**Task directions**
Only the lines below between the one holding "闭式:本设备适合在干旱、缺水" and the one holding "有效渗透入锅底黑垢内部,并从", inclusive, are to be reproduced word for word; the pictures are to be left out.

::: Data for the task :::

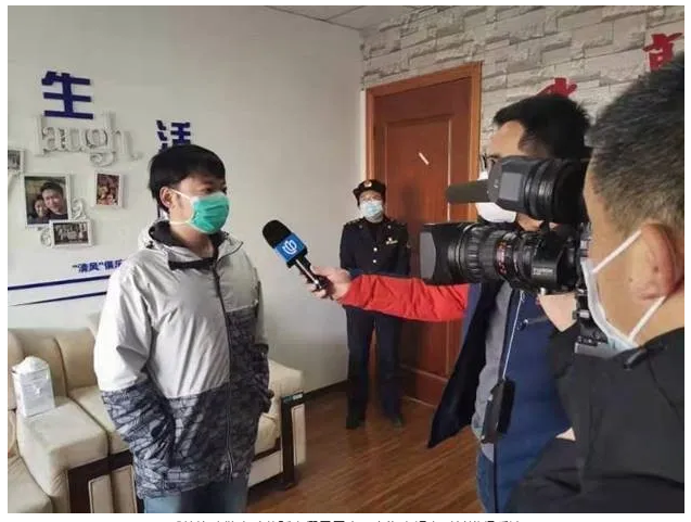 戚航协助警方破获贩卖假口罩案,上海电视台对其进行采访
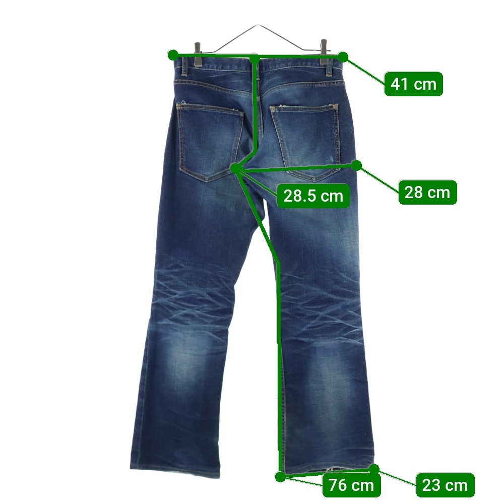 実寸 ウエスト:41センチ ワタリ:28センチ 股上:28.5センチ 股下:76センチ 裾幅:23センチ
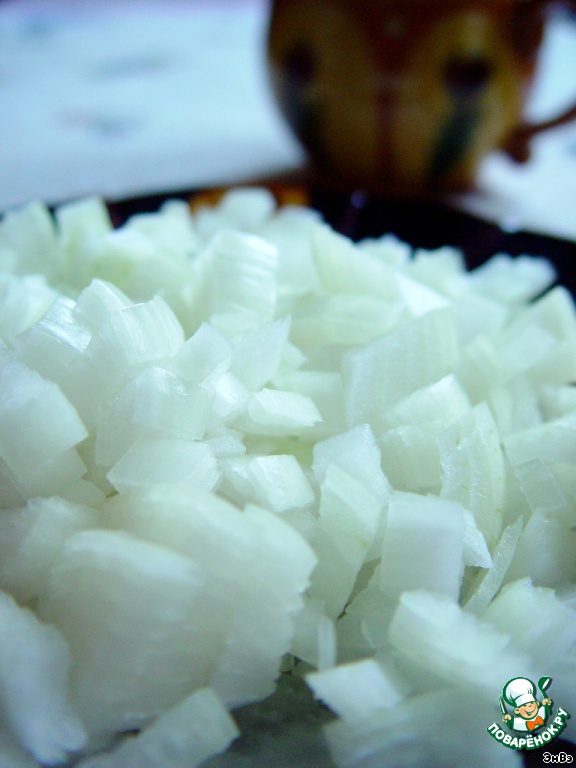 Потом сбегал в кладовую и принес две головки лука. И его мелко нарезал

:::
::: Data for the task :::

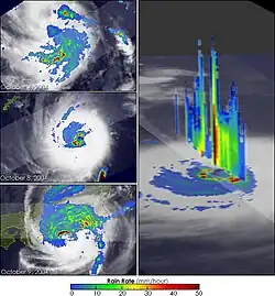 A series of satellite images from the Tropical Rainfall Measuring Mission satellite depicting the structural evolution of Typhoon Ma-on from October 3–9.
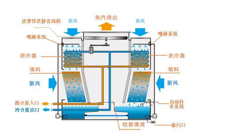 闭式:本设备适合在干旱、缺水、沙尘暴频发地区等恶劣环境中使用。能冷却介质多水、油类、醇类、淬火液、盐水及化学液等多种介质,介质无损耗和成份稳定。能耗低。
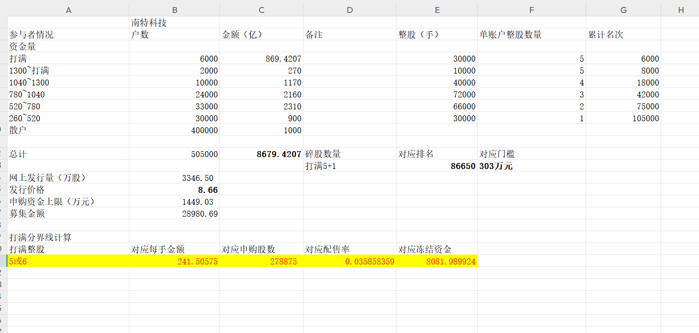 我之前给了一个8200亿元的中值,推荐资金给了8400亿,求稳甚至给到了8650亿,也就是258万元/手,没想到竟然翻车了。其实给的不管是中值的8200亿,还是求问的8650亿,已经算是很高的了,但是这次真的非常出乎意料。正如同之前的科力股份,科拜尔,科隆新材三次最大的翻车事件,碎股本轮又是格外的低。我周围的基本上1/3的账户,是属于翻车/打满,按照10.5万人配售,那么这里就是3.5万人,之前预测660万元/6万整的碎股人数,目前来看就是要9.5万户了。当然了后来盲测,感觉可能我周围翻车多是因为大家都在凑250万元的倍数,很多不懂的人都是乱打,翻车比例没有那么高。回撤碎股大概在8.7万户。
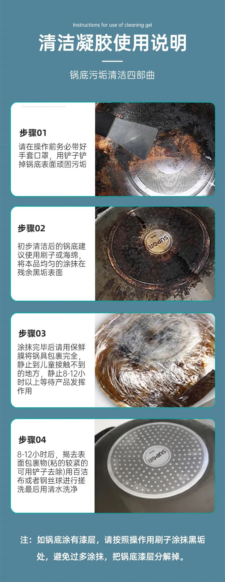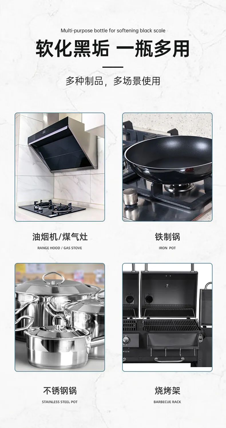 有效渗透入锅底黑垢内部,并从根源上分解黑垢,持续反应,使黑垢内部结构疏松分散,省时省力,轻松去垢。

:::
::: Data for the task :::

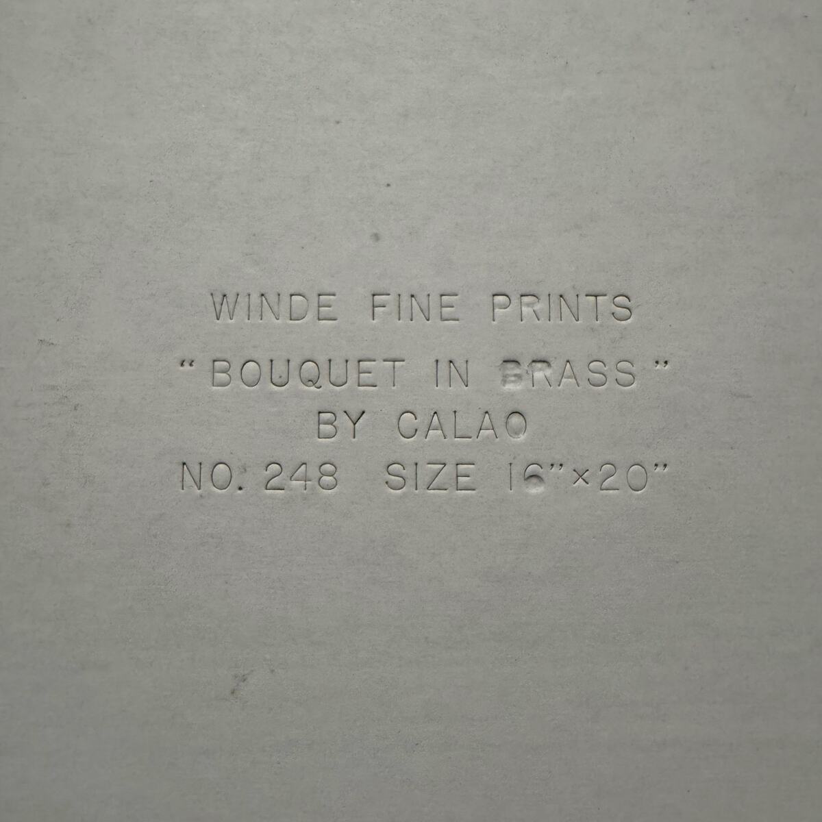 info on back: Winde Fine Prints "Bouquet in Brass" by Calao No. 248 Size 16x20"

:::

**Answer to this exercise**
 闭式:本设备适合在干旱、缺水、沙尘暴频发地区等恶劣环境中使用。能冷却介质多水、油类、醇类、淬火液、盐水及化学液等多种介质,介质无损耗和成份稳定。能耗低。
 我之前给了一个8200亿元的中值,推荐资金给了8400亿,求稳甚至给到了8650亿,也就是258万元/手,没想到竟然翻车了。其实给的不管是中值的8200亿,还是求问的8650亿,已经算是很高的了,但是这次真的非常出乎意料。正如同之前的科力股份,科拜尔,科隆新材三次最大的翻车事件,碎股本轮又是格外的低。我周围的基本上1/3的账户,是属于翻车/打满,按照10.5万人配售,那么这里就是3.5万人,之前预测660万元/6万整的碎股人数,目前来看就是要9.5万户了。当然了后来盲测,感觉可能我周围翻车多是因为大家都在凑250万元的倍数,很多不懂的人都是乱打,翻车比例没有那么高。回撤碎股大概在8.7万户。
 有效渗透入锅底黑垢内部,并从根源上分解黑垢,持续反应,使黑垢内部结构疏松分散,省时省力,轻松去垢。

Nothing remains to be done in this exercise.